━━━━━ Records for the task ━━━━━

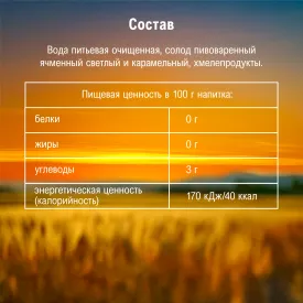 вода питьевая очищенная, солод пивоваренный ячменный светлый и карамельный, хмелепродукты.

━━━━━
━━━━━ Records for the task ━━━━━

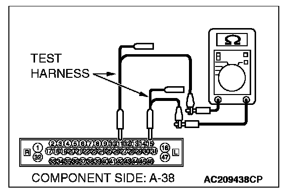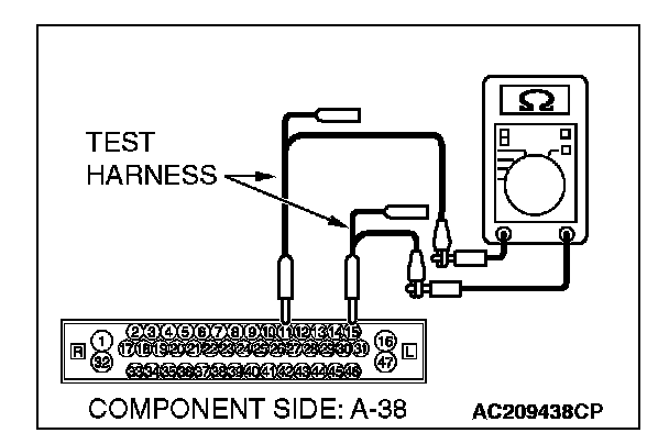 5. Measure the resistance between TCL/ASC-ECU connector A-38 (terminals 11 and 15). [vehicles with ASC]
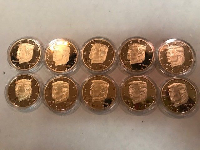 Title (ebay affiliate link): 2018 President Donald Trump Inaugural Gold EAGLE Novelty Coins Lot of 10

━━━━━

Task description: Leaving every picture aside, reproduce exactly the lines above from the one with "5. Measure the" up to and including the one with "Title (ebay affiliate", and no others.

Response box:
 5. Measure the resistance between TCL/ASC-ECU connector A-38 (terminals 11 and 15). [vehicles with ASC]
 Title (ebay affiliate link): 2018 President Donald Trump Inaugural Gold EAGLE Novelty Coins Lot of 10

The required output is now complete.